Hi, I am working on the GTEx data and download this file
OMNI_2.5M_5M_450Indiv_chr1to22_phased_genot_imput_info04_maf01_HWEp1E6_ConstrVarIDs.vcf
I want to get the genotype for specific samples and make the format of the genotype be (0,1,2). I found the GT of this vcf has so many missing values.

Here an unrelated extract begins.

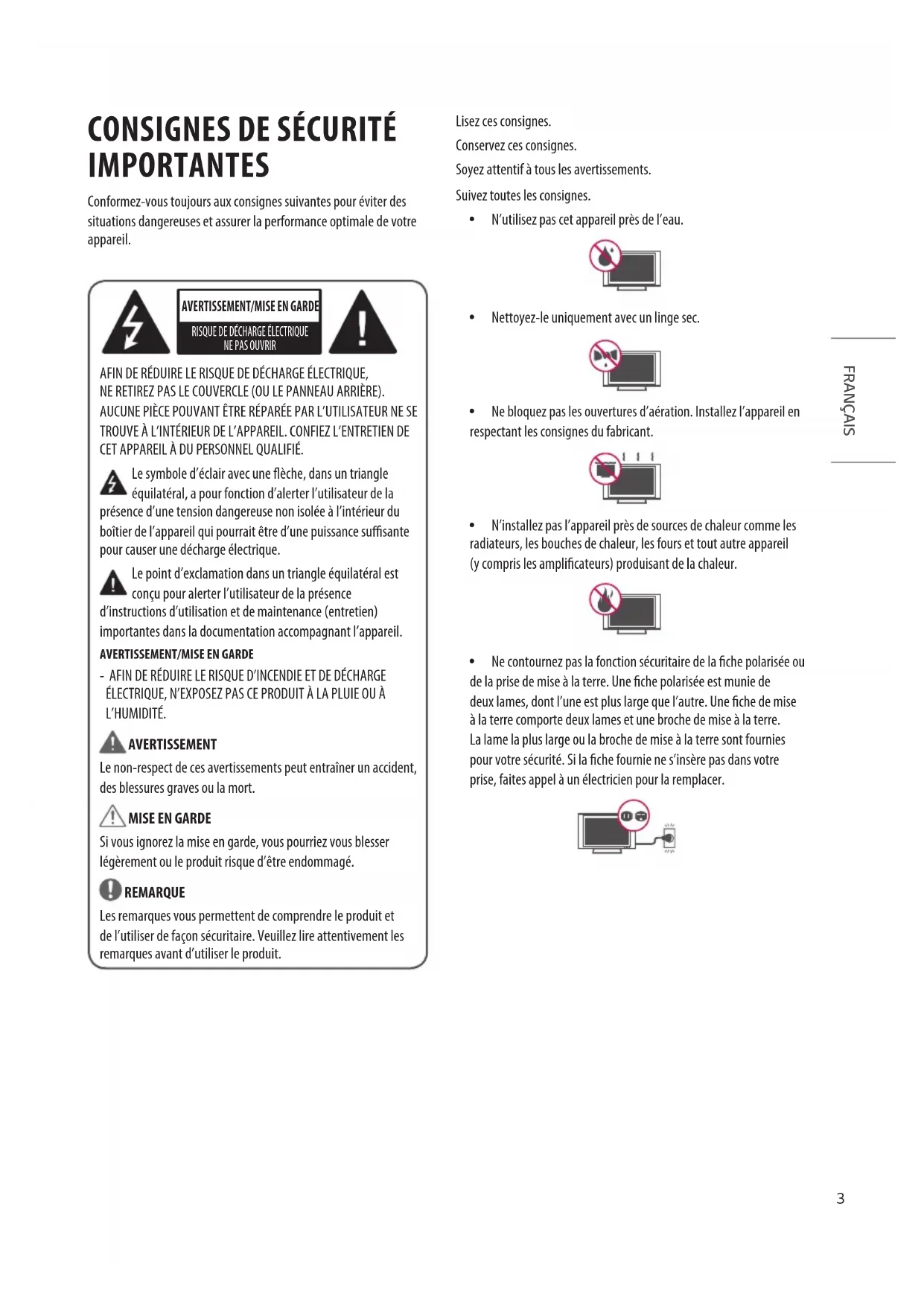 Si vous ignorez la mise en garde, vous pourriez vous blesser légèrement ou le produit risque d’être endommagé. REMARQUE Les remarques vous permettent de comprendre le produit et de l’utiliser de façon sécuritaire. Veuillez lire attentivement les remarques avant d’utiliser le produit. Lisez ces consignes. Conservez ces consignes. Soyez attentif à tous les avertissements. Suivez toutes les consignes. y N’utilisez pas cet appareil près de l’eau. y Nettoyez-le uniquement avec un linge sec. y Ne bloquez pas les ouvertures d’aération. Installez l’appareil en respectant les consignes du fabricant. y N’installez pas l’appareil près de sources de chaleur comme les radiateurs, les bouches de chaleur, les fours et tout autre appareil (y compris les amplicateurs) produisant de la chaleur. y Ne contournez pas la fonction sécuritaire de la che polarisée ou de la prise de mise à la terre. Une che polarisée est munie de deux lames, dont l’une est plus large que l’autre. Une che de mise à la terre comporte deux lames et une broche de mise à la terre. La lame la plus large ou la broche de mise à la terre sont fournies pour votre sécurité. Si la che fournie ne s’insère pas dans votre prise, faites appel à un électricien pour la remplacer.

My question is how to deal with these missing values when convert to genotype matrix? Is there any easier way to extract the genotype data of GTEx
1 30923 1_30923_G_T_b37 G T . PASS EXP_FREQ_A1=0.742;IMPINFO=0.435;CERTAINTY=0.847;TYPE=0;MISS=0.8067;HW=0.24 GT:GL:DS .|.:0.006,0.483,0.510:1.504 .|.:0.047,0.365,0.589:1.542 0|1:0.013,0.960,0.028:1.015 .|.:0.064,0.487,0.449:1.385 1|1:0.000,0.041,0.959:1.959 .|.:0.612,0.379,0.010:0.398 .|.:0.002,0.149,0.850:1.848 .|.:0.007,0.485,0.508:1.501 .|.:0.031,0.289,0.681:1.650 .|.:0.003,0.207,0.789:1.786 .|.:0.007,0.488,0.504:1.497 .|.:0.009,0.217,0.774:1.765 .|.:0.003,0.260,0.736:1.733 .|.:0.252,0.508,0.240:0.988 .|.:0.276,0.508,0.217:0.941 .|.:0.084,0.:|1:0.065,0.904,0.031:0.966 0|0:0.993,0.007,0.000:0.007 .|.:0.488,0.445,0.066:0.578 0|1:0.046,0.947,0.008:0.962 .|.:0.733,0.265,0.003:0.270 .|.:0.806,0.192,0.002:0.196 .|.:0.637,0.357,0.007:0.370 .|.:0.693,0.303,0.003:0.310 .|.:0.014,0.397,0.588:1.574 .|.:0.743,0.245,0.012:0.269 0|0:0.958,0.041,0.000:0.042 .|.:0.870,0.128,0.002:0.132 0|0:0.958,0.041,0.000:0.042 .|.:0.611,0.354,0.036:0.425 .|.:0.760,0.226,0.014:0.254 .|.:0.843,0.156,0.002:0.159
You could first make plink files of the vcf file and then extract or remove the missing values. One downside of this that you gonna miss the bi-allelic variants...
For someone who is not familiar with GTEx data this question is totally unclear. could you please specify:
I think your problem can be easily solved by a grep/sed by the way. Also, beware of posting sensitive (aka, human) data on the internet, if you got them by specific access to via user login to dbGaP portal. In this case, you can produce an input file looking like the one you would like to analyze, but with no real data (for your own security).
You can filter out low quality SNPs. That might be able to remove most case with missing genotypes. The remaining you can mark as missing data (NA or -1 say). Most statistical analysis you would do with the resulting data after should take the missing data into account. (For example if I were to do eQTL analysis, I would use MatrixEQTL to carry out linear regression based analysis which handles missing data.)